In summary, MonoMac 6 cells secreted MMP-9 in response to increasing clinically relevant concentrations of AA in the medium. The secretion increased due to increased expression of MMP-9 mRNA. MMP-9 secretion started fairly rapidly and could not be prevented by simultaneous presence of n-3 series fatty acids. The secretion could be attenuated by LY 298002, a specific phosphatidylinositol-3-kinase inhibitor and by SH-5, a selective Akt inhibitor, which suggests that activation of phosphatidylinositol-3-kinase by AA leads to augmented and sustained MMP-9 production.
MonoMac 6, an established human monocytic cell line that grows in suspension, was obtained from the German Collection of Microorganisms and Cell Cultures (DSMZ ACC 124; Braunschweig, Germany). Cell cultures were maintained in RPMI-1640 medium (BioWhittaker, Belgium) supplemented with 2 mM L-glutamine, 5 ml/l non-essential amino acids, penicillin (50 IU/ml), streptomycin (100 μg/ml), 1 mM sodium pyruvate, 1 mM oxaloacetate, 0.2 U/ml bovine insulin (OPI Media Supplement, Sigma Chemicals Co) and 10% heat-inactivated fetal bovine serum (FBS). The cells were cultured at a density of 0.3 – 1 × 106 cells/ml in humidified 5% CO2 at 37°C. Fresh medium was added to the cultures twice weekly replacing one third of the suspension which was either reseeded or discarded.
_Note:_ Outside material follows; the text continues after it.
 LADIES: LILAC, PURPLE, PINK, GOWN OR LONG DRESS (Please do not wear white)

For the experiments, cells were harvested, washed with phosphate buffered saline (PBS), pH 7.4, and seeded on 12-well Nunclon plates (Nunc A/S, Denmark) at 0.8 × 106 cells/ml in serum-free medium X-Vivo 15 (BioWhittaker, Belgium) supplemented with penicillin-streptomycin. The cells were incubated in the presence of indicated concentrations of fatty acids (AA, EPA, DPA, DHA, all from Cayman Chemical), PMA (Sigma), LY 294002 (Cayman Chemical) or SH-5 (Alexis Biochemicals) for 24 h unless otherwise stated. Cell viability was checked with the Trypan Blue exclusion test. Cellular protein concentrations were determined by the method of Lowry.
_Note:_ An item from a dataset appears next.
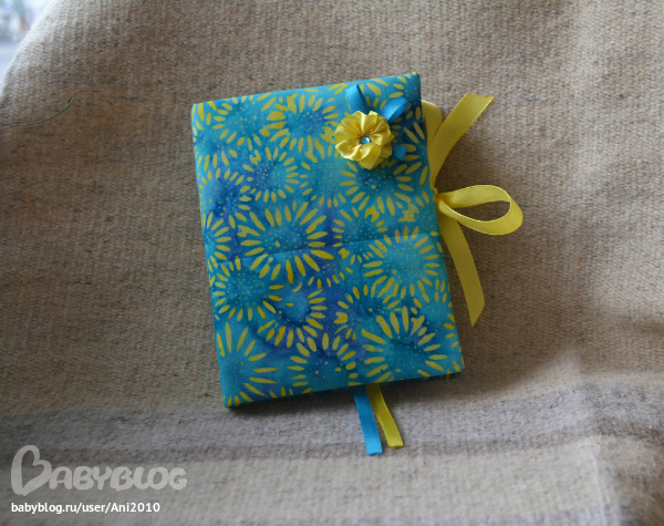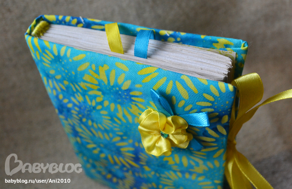 Обложка из натурального хлопка,украшения, завязывается на ленты, две закладки.

Gelatin zymography was essentially done as described . Media from MonoMac 6 incubations were diluted in electrophoresis sample buffer  and subjected to electrophoresis in a 10% SDS-polyacrylamide gel embedded with 1 mg/ml gelatin (Sigma) in nonreducing conditions. We used the Mini-PROTEAN II apparatus at 4°C (Bio Rad). After electrophoresis the enzymes were renatured with two 30 min washes in 0.25% Triton X-100, and then the enzyme reaction was allowed to proceed in activation buffer (50 mM Tris-HCl, pH 7.5, containing 15 mM CaCl2, 1 μM ZnCl2 and 1% Triton X-100) at 37°C for 18 h. Thereafter the gels were stained for 1.5 h with 0.1% (w/v) Coomassie Brilliant Blue in 40% (v/v) isopropanol and destained in 7% acetic acid for a minimum of 3 h. As a molecular weight marker we used BenchMark™ Protein Ladder from Invitrogen.
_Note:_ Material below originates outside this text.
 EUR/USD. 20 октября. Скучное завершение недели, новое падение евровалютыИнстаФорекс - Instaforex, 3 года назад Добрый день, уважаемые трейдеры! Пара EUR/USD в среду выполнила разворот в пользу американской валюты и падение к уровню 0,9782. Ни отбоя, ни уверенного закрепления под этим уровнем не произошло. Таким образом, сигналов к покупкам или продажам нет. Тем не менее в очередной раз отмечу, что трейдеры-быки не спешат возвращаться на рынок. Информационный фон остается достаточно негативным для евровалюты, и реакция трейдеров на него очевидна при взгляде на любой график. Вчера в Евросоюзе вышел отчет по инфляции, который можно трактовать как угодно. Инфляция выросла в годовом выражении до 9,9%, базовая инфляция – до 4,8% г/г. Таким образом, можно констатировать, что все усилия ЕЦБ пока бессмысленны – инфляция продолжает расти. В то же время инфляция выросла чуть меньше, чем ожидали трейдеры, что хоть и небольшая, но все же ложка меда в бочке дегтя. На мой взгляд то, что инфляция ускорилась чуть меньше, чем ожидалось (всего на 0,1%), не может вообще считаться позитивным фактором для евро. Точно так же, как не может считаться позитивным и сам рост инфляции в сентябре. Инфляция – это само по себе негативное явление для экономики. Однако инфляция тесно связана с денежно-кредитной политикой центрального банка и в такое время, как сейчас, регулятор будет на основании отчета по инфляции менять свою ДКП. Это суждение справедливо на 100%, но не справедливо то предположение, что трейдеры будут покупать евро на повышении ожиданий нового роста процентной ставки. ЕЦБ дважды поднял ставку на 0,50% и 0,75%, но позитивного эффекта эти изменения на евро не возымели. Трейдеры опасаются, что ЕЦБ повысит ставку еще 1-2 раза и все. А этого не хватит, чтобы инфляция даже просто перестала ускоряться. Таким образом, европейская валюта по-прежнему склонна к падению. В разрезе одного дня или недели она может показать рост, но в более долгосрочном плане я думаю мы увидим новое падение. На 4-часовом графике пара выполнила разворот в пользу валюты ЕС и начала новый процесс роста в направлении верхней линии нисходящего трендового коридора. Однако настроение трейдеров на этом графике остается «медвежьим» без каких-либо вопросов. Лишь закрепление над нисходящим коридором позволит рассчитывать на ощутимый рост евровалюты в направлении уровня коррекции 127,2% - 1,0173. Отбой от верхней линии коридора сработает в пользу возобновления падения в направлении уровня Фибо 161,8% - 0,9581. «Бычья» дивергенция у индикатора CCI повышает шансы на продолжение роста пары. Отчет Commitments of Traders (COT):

The degree of gelatin digestion was quantified using an Epson Perfection 3200 Photo scanner interfaced to a computer. Gels were scanned using Epson Scan software (version 1.00E) in transparency option and gray scale mode. The density of each pixel is encoded on a scale ranging from 1 (clear) to 255 (opaque). The scanner was calibrated using the Stouffer Graphic Arts step tablet. The images were analysed with Scion Image software (Scion Corporation). The density measurements were linearized using the Rodbard curve-fitting function within the Scion Image program. The images were digitally inverted so that integration of bands is reported as positive values. The pixel density was determined after background density subtraction and used to calculate the integrated density of a selected band. The integrated density values of gelatinolytic activity of MMP-9 are reported in volume units of pixel intensity per mm2 and adjusted for cellular protein concentration.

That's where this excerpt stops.